THE QUESTION IS… ICE OR HEAT OR BOTH?
Zoe Fackelman, PT
Dads are amazing people. So many of them work so hard to provide food, clothing, shelter, toys, sporting equipment… the list goes on and on. Hard work and long hours often keep dads from being with their family in the ways they would like and they end up missing so much of the good life. Many dads dedicate themselves to helping their children have a better life and encouraging them to be their best.
We recently met a dad so dedicated to supporting his son in the gym for preparation for the military that he ended up hurting his own elbow. Weight training to get in better shape, burn fat and gain strength can lead to injury when not done properly. Sometimes pain develops simply from overuse. The pain isn’t bad enough to stop us from our desired sport or activity so we keep going. Eventually the pain gets worse, limits us from pain free activities of daily living, work duties and eventually our desired sport.
When we first get hurt, ice is best. Place the ice in a zip lock bag, put the ice bag in a pillow case if desired, surround the area with as many bags as needed and lie down and rest for 20 minutes. You can resume icing in one hour for another 20 minutes. If the pain isn’t gone within three to five days, then you know from last week’s article that you need to come see us to quickly get rid of the pain. Think of ice as your pain reliever. It does not have side effects. Be careful of cold packs as they can create blisters if placed directly next to the skin. Cold packs are fine if the 20th minute is just as cold as the first.
Ice is your first choice for pain, reoccurring pain, swelling, redness or when heat is felt touching the area with the back of your hand.
Heat is best for morning muscle and joint stiffness, tightness, end of the day soreness, fatigue or when achy in general. Twenty minutes of heat increases the circulation and pushes the buildup of metabolic waste, such as lactic acid, out of the muscle and joint area into our bloodstream. Eventually, it will pass out of our body via urination. Moist heat is preferred.
If you feel you need both, then use heat and then ice.
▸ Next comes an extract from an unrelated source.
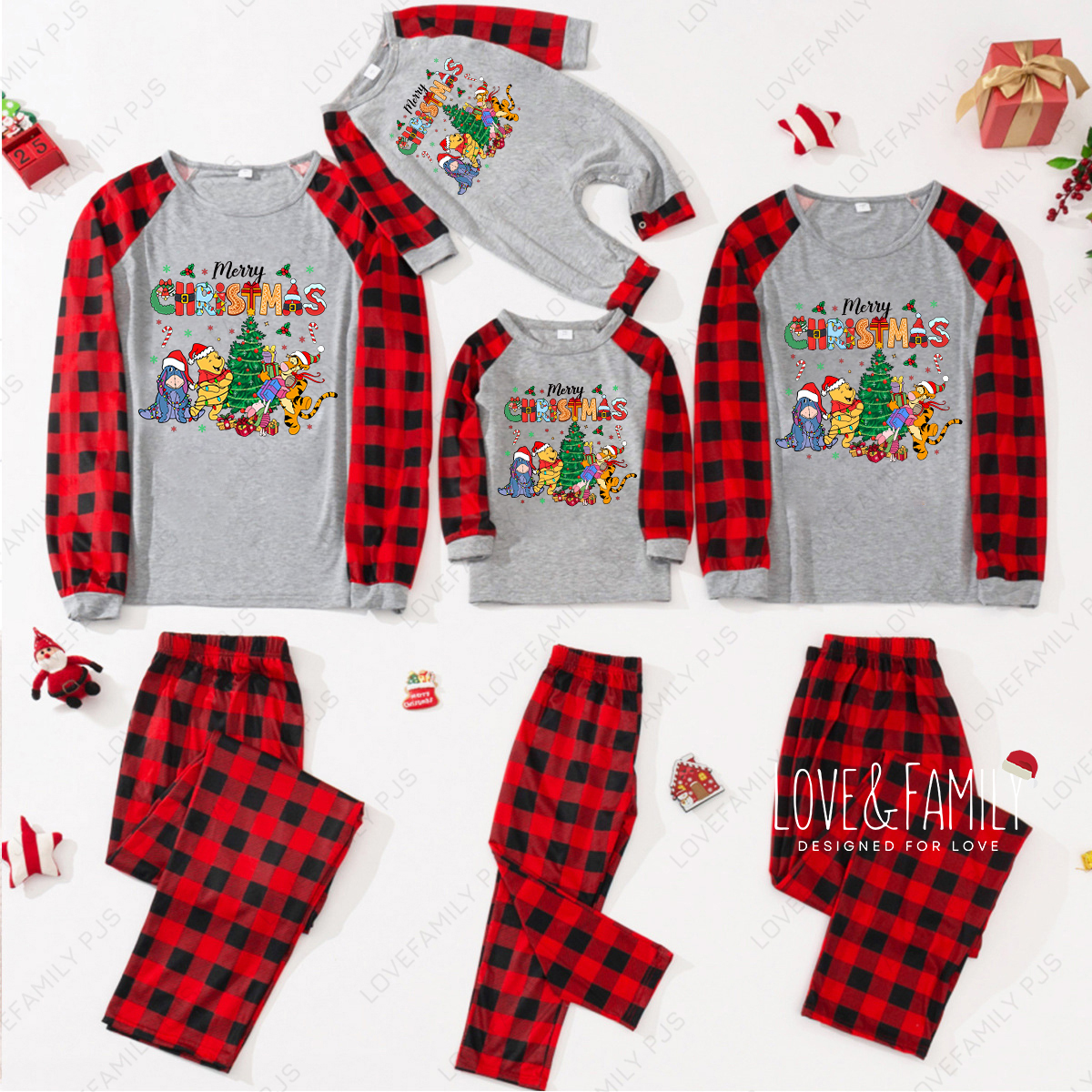 Winnie-the-Pooh Merry Christmas Classic Plaid Matching Family Pajamas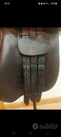 sella in cuoio marrone scuro marca selleria pugliese da monta inglese, dressage, lavoro in piano, passeggiate. seggio 18 arcione medio. comoda e pratica. qualità made in Italy. Presenta qualche segno di usura ma è complessivamente in buono stato. ritiro a mano o spedizione disponibile

Soak in the tub for 20 minutes, then place your ice and elevate and support the area you are icing above the level of your heart for 20 minutes. Be sure to drink lots of water during this process.
Remember, early intervention speeds recovery. If your injury was not serious or life threatening, or if three to five days pass and you still have pain, then gives us a call. Otherwise, go to the emergency room or see your primary care doctor immediately.
When pain comes and goes with activity, specific positions or motions, typically we will find adhesions or scar tissue from repetitive micro-trauma preventing fascia, muscle or joint function causing pain and limiting you from your desired activity. We will use hands-on manual therapy techniques such as Graston Techniques to get the soft tissue released quickly. There will be more information about Graston Techniques next week.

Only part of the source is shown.